Let be $f:[1,\infty)\to [0,\infty)$ a monotonically decreasing function, $\int\limits_1^{\infty}f(x)dx$ an improper integral and $\sum\limits_{k=1}^{\infty}f(k)$ a convergent series. For sake of simplicity let's assume that we already know that $\int\limits_1^{t}f(x)dx\leq\sum\limits_{k=1}^{\infty}f(k)$ for all $t\in (1,\infty)$. Our professor showed that $\int\limits_1^{\infty}f(t)dt$ exists in a very strange way which I think is wrong.
Professor's proof:
We assume that $\int\limits_1^{\infty}f(x)dx$ is divergent. So we can conclude that there exists a sequence $\left(\beta_k\right)_{k\in\mathbb{N}}\in(1,\infty)$ with $\lim\limits_{k\to\infty}\beta_k=\infty$ such that the sequence $\left(b_k\right)_{k\in\mathbb{N}}$ with $b_k:=\int\limits_1^{\beta_k}f(x)dx$ is divergent. Let be $\left(\beta_k\right)_{k\in\mathbb{N}}$ monotonically increasing then it follows that $\left(b_k\right)_{k\in\mathbb{N}}$ is also monotonically increasing. So $\left(b_k\right)_{k\in\mathbb{N}}$ is monotone and bounded and hence convergent (due to monotone convergence theorem). This is a contradiction to the statement at the beginning so that $\int\limits_1^{\infty}f(x)dx$ must be convergent.
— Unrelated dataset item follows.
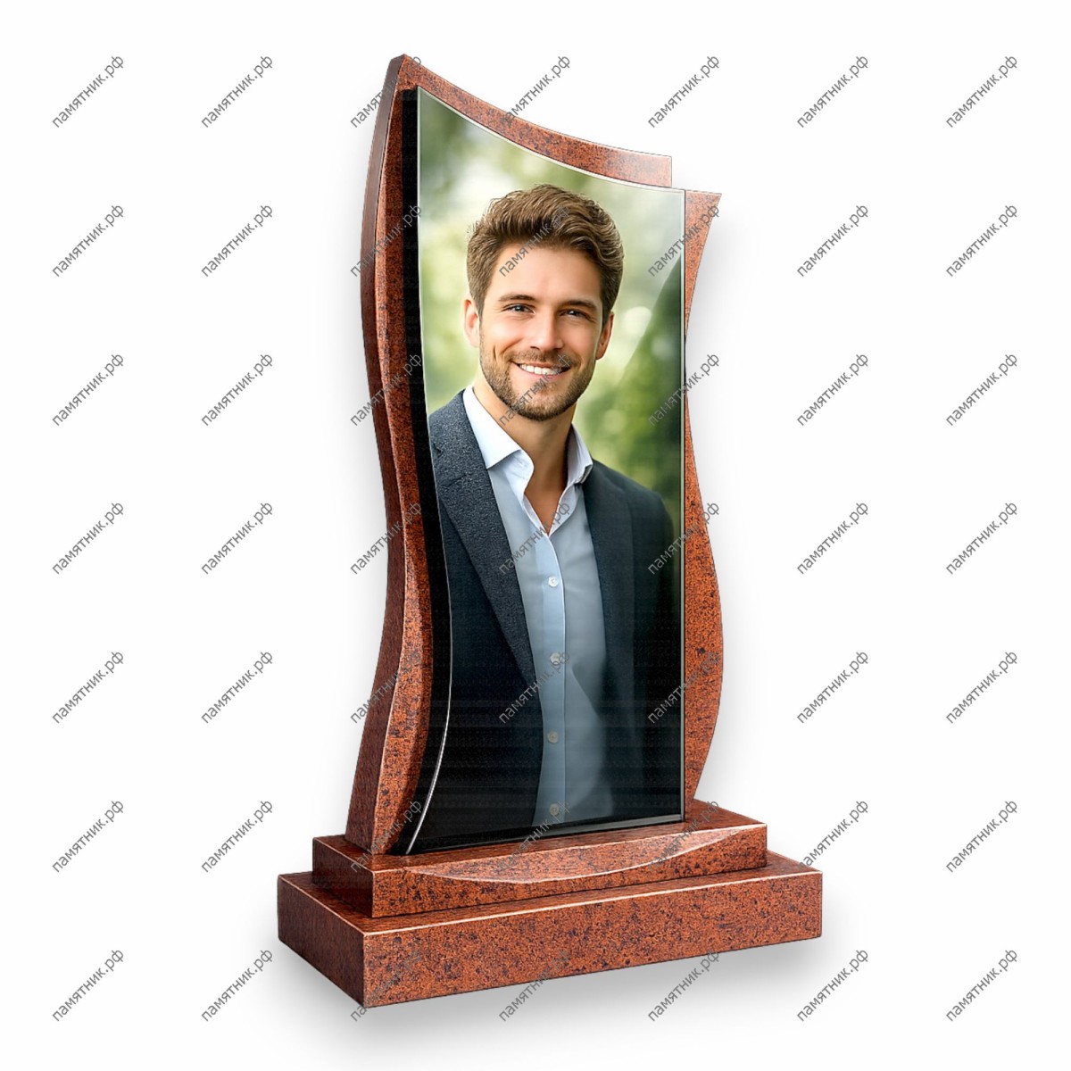 Элегантная вертикальная модель из терракотового гранита. Плавные изгибы боковых граней напоминают языки пламени, а большое стеклянное полотно позволяет максимально детально передать образ.
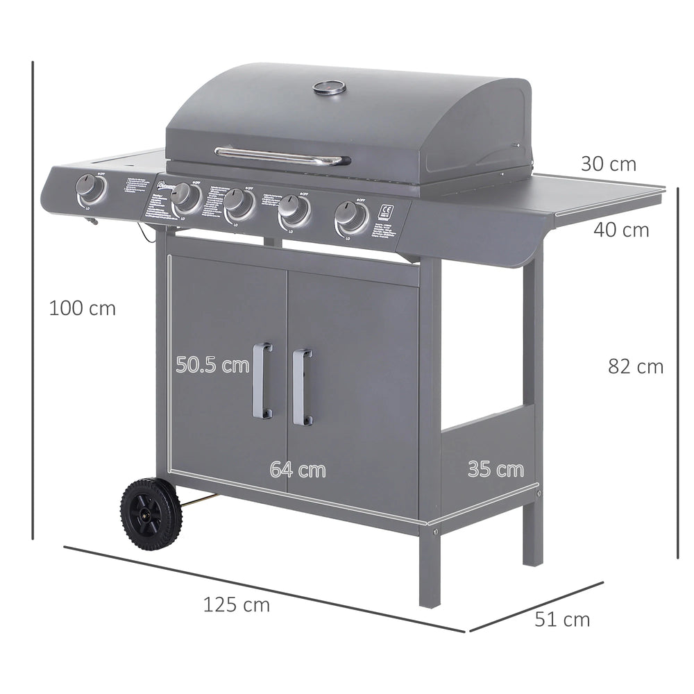 Outsunny 4+1 Burner Gas BBQ Grill, Outdoor Barbecue Trolley with Wheels, Warming Rack, Side Shelves, Cabinet, Thermometer for Garden, Party, Camping, 125 L x 51 W x 100 H cm, Grey

How is it possible to draw this conclusion if we only look at sequences $\left(\beta_k\right)_{k\in\mathbb{N}}$ that are monotonically increasing? I suspect that the professor has confused divergence with unboundedness which are not equivalent notions.
What if we include all sequences (also the non-monotone ones)? Then we can no longer make use of the monotone convergence theorem because it's not guaranteed that $b_k:=\int\limits_1^{\beta_k}f(x)dx$ remains monotonically increasing. Any help or comments are appreciated!